[Start of Attachment]

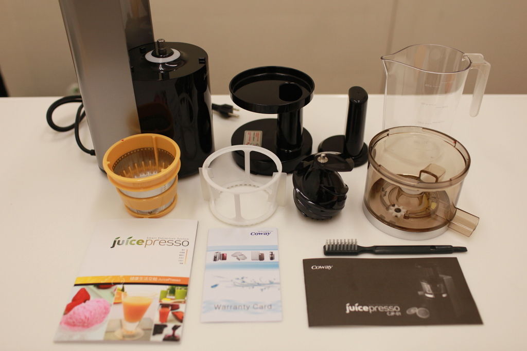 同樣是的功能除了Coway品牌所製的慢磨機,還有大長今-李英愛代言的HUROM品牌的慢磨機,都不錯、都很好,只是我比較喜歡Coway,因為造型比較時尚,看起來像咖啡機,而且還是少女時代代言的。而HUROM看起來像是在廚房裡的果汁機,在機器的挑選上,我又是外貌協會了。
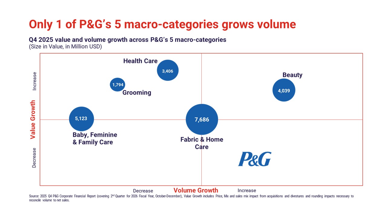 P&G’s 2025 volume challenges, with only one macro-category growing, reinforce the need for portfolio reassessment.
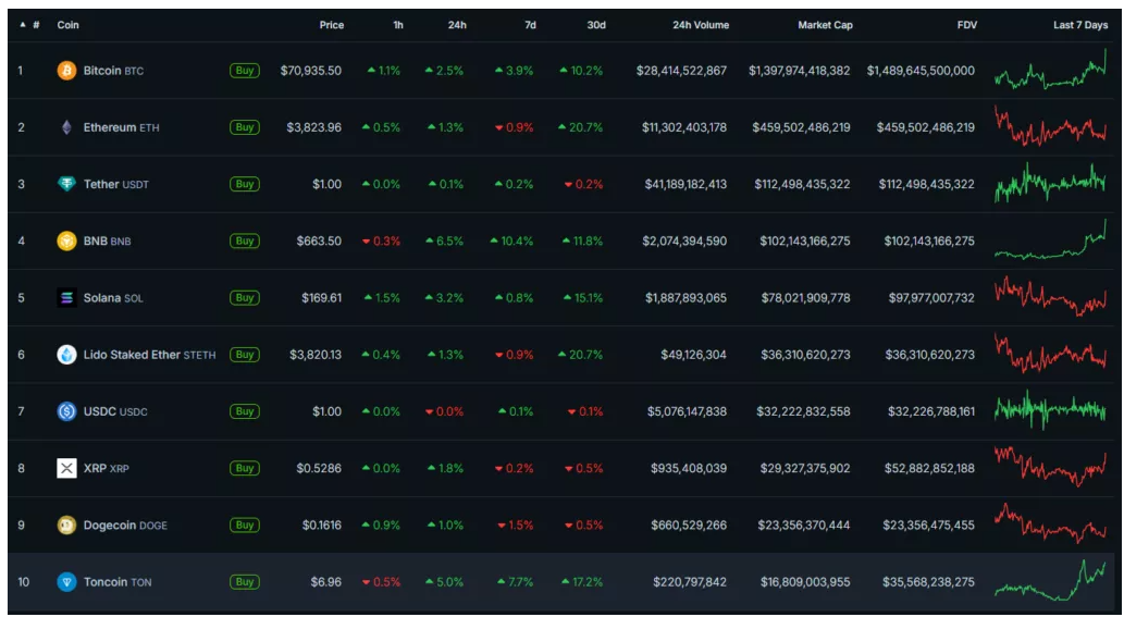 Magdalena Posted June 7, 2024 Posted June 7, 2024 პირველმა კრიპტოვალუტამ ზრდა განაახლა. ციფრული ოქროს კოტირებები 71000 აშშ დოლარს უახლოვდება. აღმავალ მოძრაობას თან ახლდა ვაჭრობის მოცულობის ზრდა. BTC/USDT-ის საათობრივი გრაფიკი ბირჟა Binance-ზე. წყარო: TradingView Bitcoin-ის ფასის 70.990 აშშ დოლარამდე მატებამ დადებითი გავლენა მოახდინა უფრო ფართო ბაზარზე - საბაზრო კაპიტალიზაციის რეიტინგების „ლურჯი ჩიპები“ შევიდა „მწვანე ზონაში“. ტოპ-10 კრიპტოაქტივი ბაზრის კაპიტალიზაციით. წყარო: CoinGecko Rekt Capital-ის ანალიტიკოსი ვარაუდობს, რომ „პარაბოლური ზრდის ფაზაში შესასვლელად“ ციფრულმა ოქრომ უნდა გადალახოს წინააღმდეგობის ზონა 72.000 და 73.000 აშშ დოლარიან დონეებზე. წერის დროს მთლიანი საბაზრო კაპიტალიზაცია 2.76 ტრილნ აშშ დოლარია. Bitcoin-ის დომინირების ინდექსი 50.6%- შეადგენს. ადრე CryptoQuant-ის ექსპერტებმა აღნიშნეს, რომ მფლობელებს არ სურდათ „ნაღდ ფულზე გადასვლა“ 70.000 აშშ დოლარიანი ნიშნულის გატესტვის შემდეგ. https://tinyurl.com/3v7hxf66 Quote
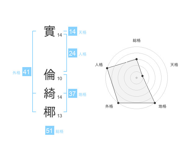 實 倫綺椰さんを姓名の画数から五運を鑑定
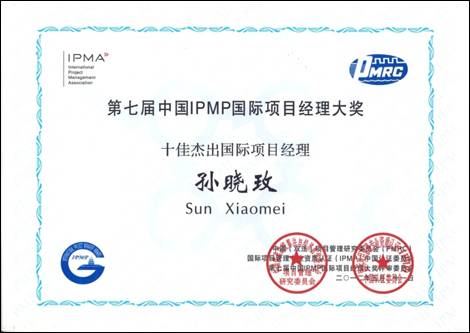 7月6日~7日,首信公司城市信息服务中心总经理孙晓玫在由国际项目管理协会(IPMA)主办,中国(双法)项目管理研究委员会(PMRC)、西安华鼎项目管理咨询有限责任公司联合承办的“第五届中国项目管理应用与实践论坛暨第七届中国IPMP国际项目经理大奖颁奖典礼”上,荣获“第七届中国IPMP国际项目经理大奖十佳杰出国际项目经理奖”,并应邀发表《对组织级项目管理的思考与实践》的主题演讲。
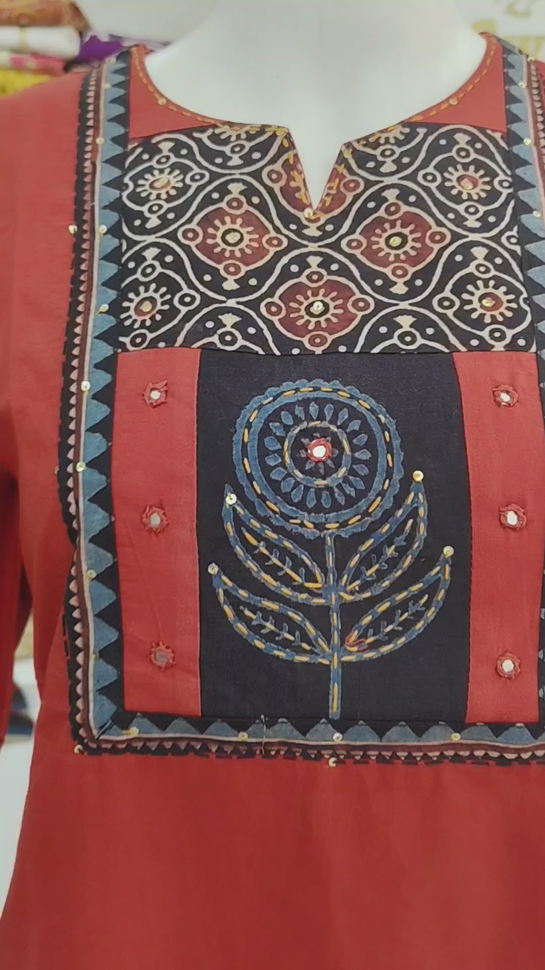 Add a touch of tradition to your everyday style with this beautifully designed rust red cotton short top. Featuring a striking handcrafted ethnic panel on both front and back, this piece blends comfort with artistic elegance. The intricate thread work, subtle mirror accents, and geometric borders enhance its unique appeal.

[End of Attachment]

Exercise directions:
Each record above is to be copied out exactly; its pictures are not.

Written answer:
 同樣是的功能除了Coway品牌所製的慢磨機,還有大長今-李英愛代言的HUROM品牌的慢磨機,都不錯、都很好,只是我比較喜歡Coway,因為造型比較時尚,看起來像咖啡機,而且還是少女時代代言的。而HUROM看起來像是在廚房裡的果汁機,在機器的挑選上,我又是外貌協會了。
 P&G’s 2025 volume challenges, with only one macro-category growing, reinforce the need for portfolio reassessment.
 Magdalena Posted June 7, 2024 Posted June 7, 2024 პირველმა კრიპტოვალუტამ ზრდა განაახლა. ციფრული ოქროს კოტირებები 71000 აშშ დოლარს უახლოვდება. აღმავალ მოძრაობას თან ახლდა ვაჭრობის მოცულობის ზრდა. BTC/USDT-ის საათობრივი გრაფიკი ბირჟა Binance-ზე. წყარო: TradingView Bitcoin-ის ფასის 70.990 აშშ დოლარამდე მატებამ დადებითი გავლენა მოახდინა უფრო ფართო ბაზარზე - საბაზრო კაპიტალიზაციის რეიტინგების „ლურჯი ჩიპები“ შევიდა „მწვანე ზონაში“. ტოპ-10 კრიპტოაქტივი ბაზრის კაპიტალიზაციით. წყარო: CoinGecko Rekt Capital-ის ანალიტიკოსი ვარაუდობს, რომ „პარაბოლური ზრდის ფაზაში შესასვლელად“ ციფრულმა ოქრომ უნდა გადალახოს წინააღმდეგობის ზონა 72.000 და 73.000 აშშ დოლარიან დონეებზე. წერის დროს მთლიანი საბაზრო კაპიტალიზაცია 2.76 ტრილნ აშშ დოლარია. Bitcoin-ის დომინირების ინდექსი 50.6%- შეადგენს. ადრე CryptoQuant-ის ექსპერტებმა აღნიშნეს, რომ მფლობელებს არ სურდათ „ნაღდ ფულზე გადასვლა“ 70.000 აშშ დოლარიანი ნიშნულის გატესტვის შემდეგ. https://tinyurl.com/3v7hxf66 Quote
 實 倫綺椰さんを姓名の画数から五運を鑑定
 7月6日~7日,首信公司城市信息服务中心总经理孙晓玫在由国际项目管理协会(IPMA)主办,中国(双法)项目管理研究委员会(PMRC)、西安华鼎项目管理咨询有限责任公司联合承办的“第五届中国项目管理应用与实践论坛暨第七届中国IPMP国际项目经理大奖颁奖典礼”上,荣获“第七届中国IPMP国际项目经理大奖十佳杰出国际项目经理奖”,并应邀发表《对组织级项目管理的思考与实践》的主题演讲。
 Add a touch of tradition to your everyday style with this beautifully designed rust red cotton short top. Featuring a striking handcrafted ethnic panel on both front and back, this piece blends comfort with artistic elegance. The intricate thread work, subtle mirror accents, and geometric borders enhance its unique appeal.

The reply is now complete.